- Data block

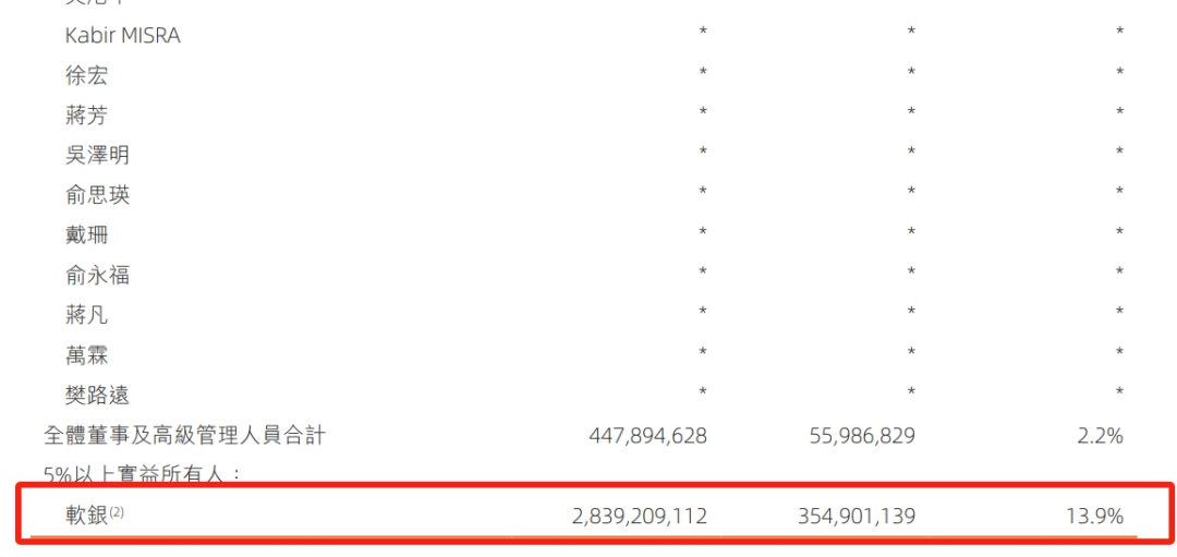 但一方面,阿里年报中标注了马云、蔡崇信拥有的股份是各自直接持有,可以用于单独计算;另一方面,如果软银集团的持股比例真的降至0.5%以下,那显然无论是单算还是合算,都要少于马云、蔡崇信任意一人。
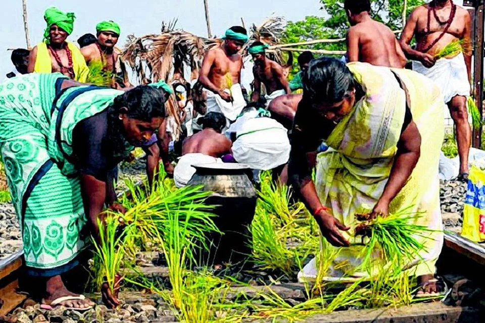 திருச்சி குடமுருட்டி ரயில் நிலையம் அருகே தண்டவாளத்தில் நாற்று நட்டு, அங்கேயே சமைத்து போராட்டத்தில் ஈடுபட்ட விவசாயிகள். படம்: தி இந்து
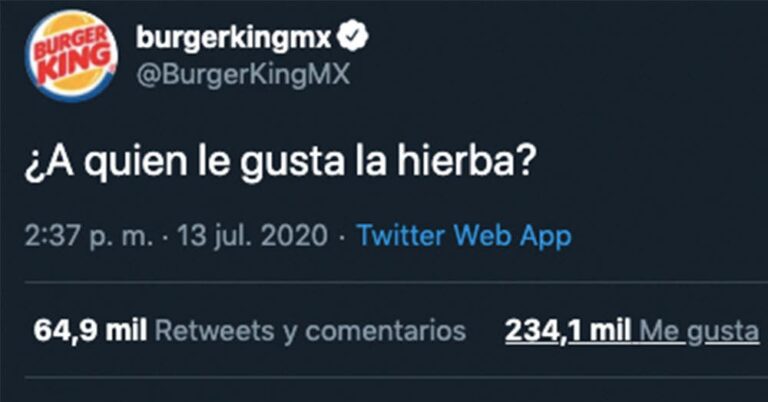 Burger King: ¿A quién le gusta la hierba? Fuerte polémica en Twitter.- Una fuerte polémica se desató Burger King en Twitter, luego de lanzar épica pregunta que evidentemente tuvo un sinfín de respuestas.

- Required action
Repeat the material above exactly; any picture in it is left out.

- Response
 但一方面,阿里年报中标注了马云、蔡崇信拥有的股份是各自直接持有,可以用于单独计算;另一方面,如果软银集团的持股比例真的降至0.5%以下,那显然无论是单算还是合算,都要少于马云、蔡崇信任意一人。
 திருச்சி குடமுருட்டி ரயில் நிலையம் அருகே தண்டவாளத்தில் நாற்று நட்டு, அங்கேயே சமைத்து போராட்டத்தில் ஈடுபட்ட விவசாயிகள். படம்: தி இந்து
 Burger King: ¿A quién le gusta la hierba? Fuerte polémica en Twitter.- Una fuerte polémica se desató Burger King en Twitter, luego de lanzar épica pregunta que evidentemente tuvo un sinfín de respuestas.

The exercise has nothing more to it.